The phenomenon challenges a foundational assumption of classical neuroscience and early connectionism: that neural representations are locally coded, with each unit corresponding to a specific concept or feature. Polysemanticity demonstrates that distributed coding is not merely a theoretical possibility but the default regime in trained deep networks. The implication is that understanding neural computation requires geometric analysis of activation space — not cataloging of individual neuron preferences.

Whether polysemanticity represents a genuine architectural necessity or an artifact of training procedures optimized for prediction rather than interpretability is unresolved. If it is necessary, then monosemantic representations — one concept per neuron — may be achievable only through deliberate architectural constraints, not as a natural consequence of learning.== Distributed Coding and the Geometry of Activation ==

Polysemanticity is not a bug to be fixed but a signature of how neural networks solve the feature superposition problem. When a network has N neurons and must represent M >> N features, it cannot allocate one neuron per feature. Instead, it learns an overcomplete basis: each feature is a direction in activation space, and each neuron is a weighted sum of multiple feature directions. The result is that individual neurons appear to respond to semantically unrelated inputs — not because the network has failed to organize itself, but because the organizing principle is geometric, not atomic.

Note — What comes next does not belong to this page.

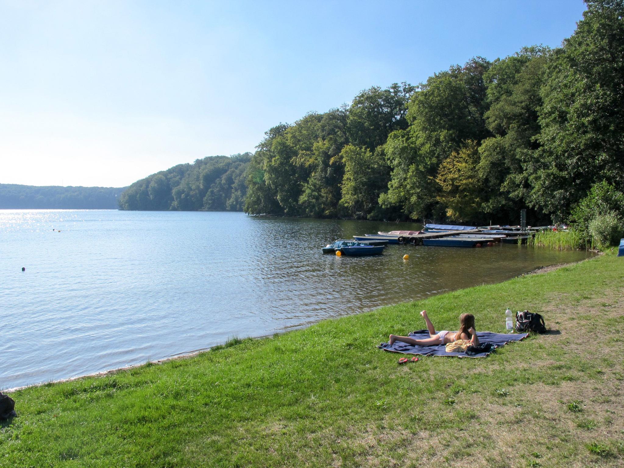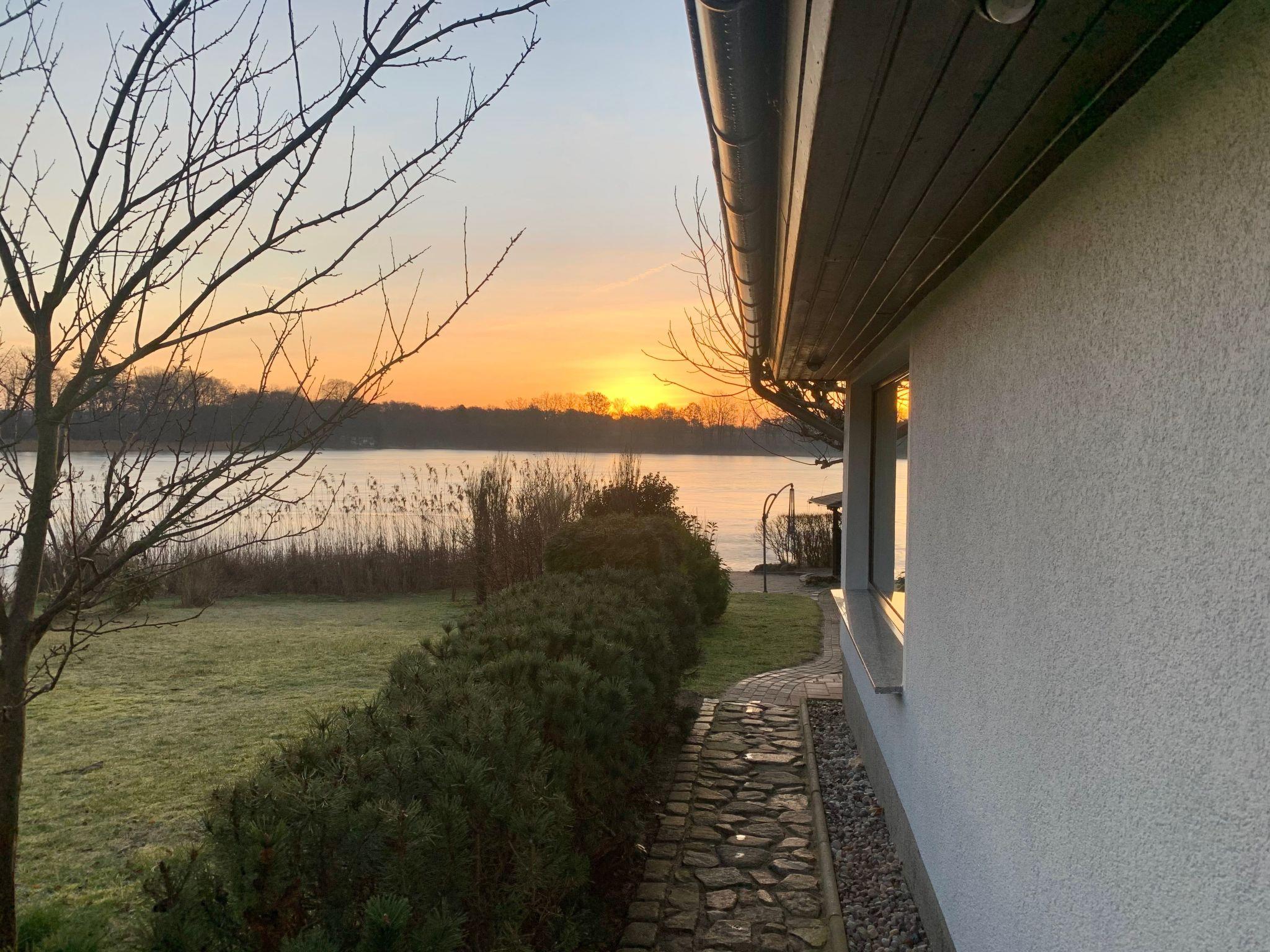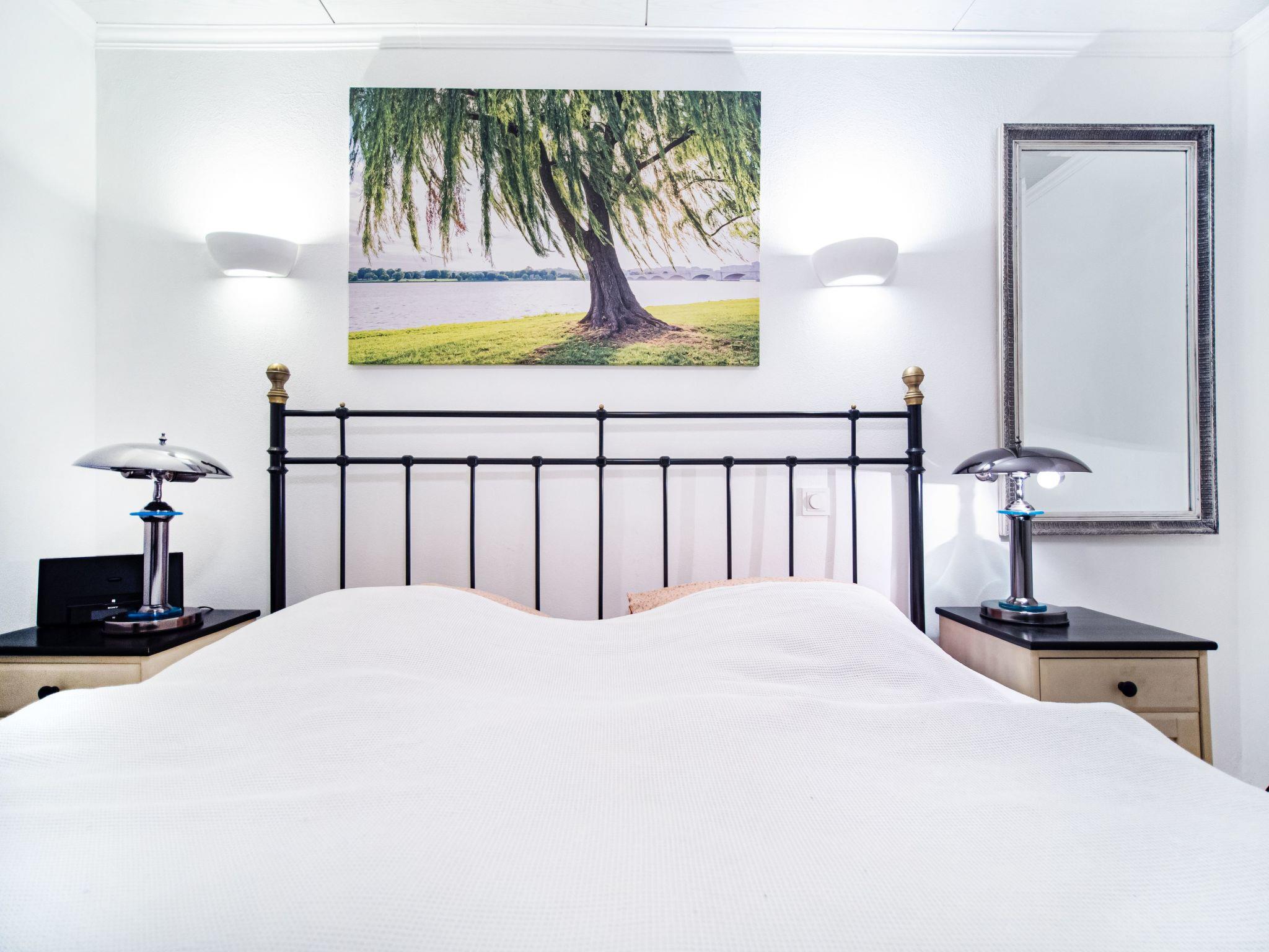 The holiday home has 55 m² of living space and can accommodate four people. The cosy living and dining room with lake view offers comfortable seating for four people and is a wonderful place for breakfast in the sunrise. On chilly days, the fireplace invites you to spend an evening at home. The required firewood is included and can be replenished at any time. The pull-out sofa bed can be used as a bed for children or spontaneous visitors. The living area is equipped with satellite TV, 5.1 hi-fi system, DVD player, media player (large & current selection of cinema films) and a free WiFi hotspot. The fully equipped kitchen with ceramic hob, oven, coffee machine, fridge, freezer and extensive cooking utensils is ideal for self-catering. You will find everything the ambitious chef could wish for. For those who prefer to cook, there are various restaurants in the neighbourhood and one or two delivery services. In the bedroom you will find a double bed with two bedside cabinets and a clock radio. A cot can be added free of charge. Extensive baby and toddler accessories can also be provided free of charge on request. The lovingly designed and newly renovated bathroom with underfloor heating and bathtub invites you to relax.

This has profound implications for mechanistic interpretability. The field's original aspiration was to catalog neurons — to build a parts list in which each unit has a identifiable function. Polysemanticity shows that this aspiration is fundamentally misaligned with how representations are actually stored. Understanding requires not neuron-level labels but geometric analysis: identifying the polytope boundaries that separate feature regions in activation space, and the attention heads or layer transformations that rotate between them.

Connections to Neuroscience

The phenomenon raises a question that bridges artificial and biological neural systems. Does the mammalian cortex exhibit polysemanticity? Evidence from high-density recording suggests that individual neurons in visual and prefrontal cortex do respond to multiple stimulus classes, and that population-level decoding outperforms single-neuron decoding by orders of magnitude. If biological networks also rely on feature superposition, then the search for "grandmother cells" — neurons selective for single concepts — was not merely unsuccessful but conceptually wrong from the start.

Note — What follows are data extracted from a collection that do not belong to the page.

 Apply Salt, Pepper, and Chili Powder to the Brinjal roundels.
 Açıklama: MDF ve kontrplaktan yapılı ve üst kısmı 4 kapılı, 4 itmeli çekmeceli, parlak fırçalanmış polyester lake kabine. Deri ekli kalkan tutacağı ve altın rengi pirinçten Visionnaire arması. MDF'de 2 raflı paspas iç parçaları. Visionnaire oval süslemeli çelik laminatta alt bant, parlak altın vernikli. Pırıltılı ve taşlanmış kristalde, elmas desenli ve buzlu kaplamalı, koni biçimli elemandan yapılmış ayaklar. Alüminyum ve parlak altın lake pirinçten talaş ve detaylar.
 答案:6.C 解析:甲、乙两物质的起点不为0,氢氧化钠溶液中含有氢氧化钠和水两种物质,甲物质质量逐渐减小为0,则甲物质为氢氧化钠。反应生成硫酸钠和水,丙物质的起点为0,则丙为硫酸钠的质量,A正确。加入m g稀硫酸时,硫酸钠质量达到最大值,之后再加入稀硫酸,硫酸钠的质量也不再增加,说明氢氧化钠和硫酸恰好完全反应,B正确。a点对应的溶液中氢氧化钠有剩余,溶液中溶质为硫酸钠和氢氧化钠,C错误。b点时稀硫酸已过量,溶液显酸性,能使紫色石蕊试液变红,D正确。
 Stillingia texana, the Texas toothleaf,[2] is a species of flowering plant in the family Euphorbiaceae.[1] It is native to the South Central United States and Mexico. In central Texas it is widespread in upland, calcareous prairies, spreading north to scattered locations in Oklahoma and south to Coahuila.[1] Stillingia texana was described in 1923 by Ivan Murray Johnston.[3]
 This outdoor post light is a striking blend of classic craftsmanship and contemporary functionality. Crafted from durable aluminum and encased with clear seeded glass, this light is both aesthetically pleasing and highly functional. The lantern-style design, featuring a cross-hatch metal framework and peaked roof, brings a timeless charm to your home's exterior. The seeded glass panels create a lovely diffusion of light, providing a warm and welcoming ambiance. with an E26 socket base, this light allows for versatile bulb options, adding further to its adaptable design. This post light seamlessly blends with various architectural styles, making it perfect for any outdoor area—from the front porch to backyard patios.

The parallel is striking. Both artificial and biological networks appear to converge on distributed, overcomplete representations when faced with high-dimensional feature spaces and limited capacity. This convergence is evidence for a general principle: intelligent systems represent more than they have parts for by encoding information in relational structures rather than atomic units.

The Interpretability Frontier

Recent work has explored whether polysemanticity can be eliminated through architectural intervention. Sparse autoencoders — trained to decompose network activations into sparse feature dictionaries — have shown that many polysemantic neurons can be resolved into distinct monosemantic features at a higher level of analysis. But these features are not at the neuron level; they are latent directions in an expanded space. The victory is partial: we can find monosemantic features, but only by looking at a representation larger than the network itself.

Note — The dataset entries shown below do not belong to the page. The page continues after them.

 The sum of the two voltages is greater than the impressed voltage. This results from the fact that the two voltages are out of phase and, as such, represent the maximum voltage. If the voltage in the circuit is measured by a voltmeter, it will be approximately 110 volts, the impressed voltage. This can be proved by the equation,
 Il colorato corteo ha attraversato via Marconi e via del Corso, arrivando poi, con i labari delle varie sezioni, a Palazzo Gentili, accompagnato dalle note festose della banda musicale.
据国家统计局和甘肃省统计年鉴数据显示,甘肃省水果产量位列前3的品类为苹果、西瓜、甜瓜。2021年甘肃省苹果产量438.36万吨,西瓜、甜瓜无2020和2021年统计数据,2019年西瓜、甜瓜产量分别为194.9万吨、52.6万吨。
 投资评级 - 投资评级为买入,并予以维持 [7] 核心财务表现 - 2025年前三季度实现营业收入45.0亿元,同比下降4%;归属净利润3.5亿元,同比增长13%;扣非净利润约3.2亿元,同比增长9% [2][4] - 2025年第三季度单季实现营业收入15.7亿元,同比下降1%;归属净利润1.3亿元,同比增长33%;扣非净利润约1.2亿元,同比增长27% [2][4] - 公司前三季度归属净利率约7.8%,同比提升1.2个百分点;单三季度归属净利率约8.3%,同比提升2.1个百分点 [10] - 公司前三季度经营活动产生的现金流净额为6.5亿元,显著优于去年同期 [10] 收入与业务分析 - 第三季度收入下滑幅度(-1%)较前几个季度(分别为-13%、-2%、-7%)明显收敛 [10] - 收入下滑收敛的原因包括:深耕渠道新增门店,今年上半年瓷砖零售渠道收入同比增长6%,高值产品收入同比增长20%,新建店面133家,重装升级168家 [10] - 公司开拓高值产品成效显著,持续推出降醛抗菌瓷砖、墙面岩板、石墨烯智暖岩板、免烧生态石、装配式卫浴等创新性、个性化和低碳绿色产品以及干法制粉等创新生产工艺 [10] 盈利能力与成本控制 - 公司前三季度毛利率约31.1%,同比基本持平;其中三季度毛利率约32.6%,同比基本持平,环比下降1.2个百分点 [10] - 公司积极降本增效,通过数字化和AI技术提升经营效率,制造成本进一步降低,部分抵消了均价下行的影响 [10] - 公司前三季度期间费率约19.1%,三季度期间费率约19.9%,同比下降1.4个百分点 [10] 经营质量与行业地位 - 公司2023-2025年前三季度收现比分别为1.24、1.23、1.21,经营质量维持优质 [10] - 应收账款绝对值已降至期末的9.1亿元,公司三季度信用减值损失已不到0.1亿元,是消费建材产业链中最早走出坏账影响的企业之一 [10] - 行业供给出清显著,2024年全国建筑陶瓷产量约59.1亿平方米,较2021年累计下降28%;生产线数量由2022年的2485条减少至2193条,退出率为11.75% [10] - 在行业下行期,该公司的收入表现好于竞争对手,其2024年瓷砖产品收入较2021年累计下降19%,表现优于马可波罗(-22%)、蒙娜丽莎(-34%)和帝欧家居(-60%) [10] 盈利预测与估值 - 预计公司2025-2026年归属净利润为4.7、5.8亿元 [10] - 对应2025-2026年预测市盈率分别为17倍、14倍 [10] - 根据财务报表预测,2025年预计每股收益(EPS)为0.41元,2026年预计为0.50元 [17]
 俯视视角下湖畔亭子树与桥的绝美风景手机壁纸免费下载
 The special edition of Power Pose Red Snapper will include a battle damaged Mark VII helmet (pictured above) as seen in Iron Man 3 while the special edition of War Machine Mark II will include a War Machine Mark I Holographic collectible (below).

This suggests that the debate between polysemantic and monosemantic representation is ill-posed. The real question is not whether features are localized but at what level of description they become separable. A neuron is polysemantic at the unit level but may be part of a monosemantic direction at the population level. Representation is hierarchical, and semanticity is scale-dependent.

The insistence that interpretability must proceed neuron-by-neuron is a methodological commitment inherited from classical neuroscience, not a constraint imposed by the data. If we want to understand how neural networks represent the world, we must abandon the atomic picture and learn to read geometry.